You start with the low hanging fruit: run tool commands inside a kernel sandbox that switches off internet access and then re-provide access only via an HTTP proxy that implements some security policies. For example, instead of providing direct access to API keys you can give the AI a fake one that's then substituted by the proxy, it can obviously restrict access by domain and verb e.g. allow GET on everything but restrict POST to just one or two domains you know it needs for its work. You restrict file access to only the project directory, and so on.

Then you can move upwards and start to sandbox the sub-components the AI is working on using the same sort of tech.




This conversation began as a conversation about Claude, which has access to 100s of 1000s of people with no training and no interest in learning about how to prevent Claude from doing damage to society. That makes it materially different from a library because even if an intruder can subvert a library running on servers serving 100s of 1000s of users, e.g., a library for compressing files is very unlikely to be able to start having conversations with a large fraction of those users without someone noticing that something is very wrong.

Although I concede that there are some applications of AI that can be made significantly safer using the measures you describe, you have to admit that those applications are fairly rare and emphatically do not include Claude and its competitors. For example, Claude has plentiful access to computing resources because people routinely ask it to write code, most of which will go on to be run (and Claude knows that).
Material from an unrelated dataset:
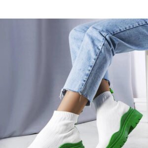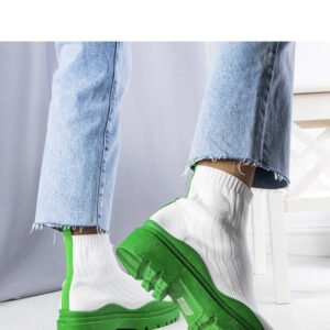 Białe skarpetkowe botki z zieloną podeszwą Cali to propozycja dla osób ceniących sobie wygodę i styl. Botki są wsuwane, wykonane z elastycznej tkaniny, która dopasowuje się do kształtu stopy. Cholewka sięga do połowy łydki i ozdobiona jest paskiem w kolorze podeszwy, co dodaje butom oryginalności. Gruba, kolorowa podeszwa z protektorem zapewnia pewność kroku i komfort noszenia. Buty posiadają okrągły nosek, a numeracja jest standardowa, dlatego warto wybrać swój rozmiar. Idealne na chłodne dni, gdyż posiadają ocieplenie. Botki na masywnej podeszwie to hit ostatnich sezonów, który z pewnością doda charakteru każdej stylizacji.

Surely you will concede that Anthropic is not about to start insisting on the use of a sandbox around any code that Claude writes for any paying customer.

When Claude and its competitors were introduced, a model would reply to a prompt, then about a second later it lost all memory of that prompt and its reply. Such an LLM of course is no great threat to society because it cannot pursue an agenda over time, but of course the labs are working hard to create models that are "more agentic". I worry about what happens when the labs succeed at this (publicly stated) goal.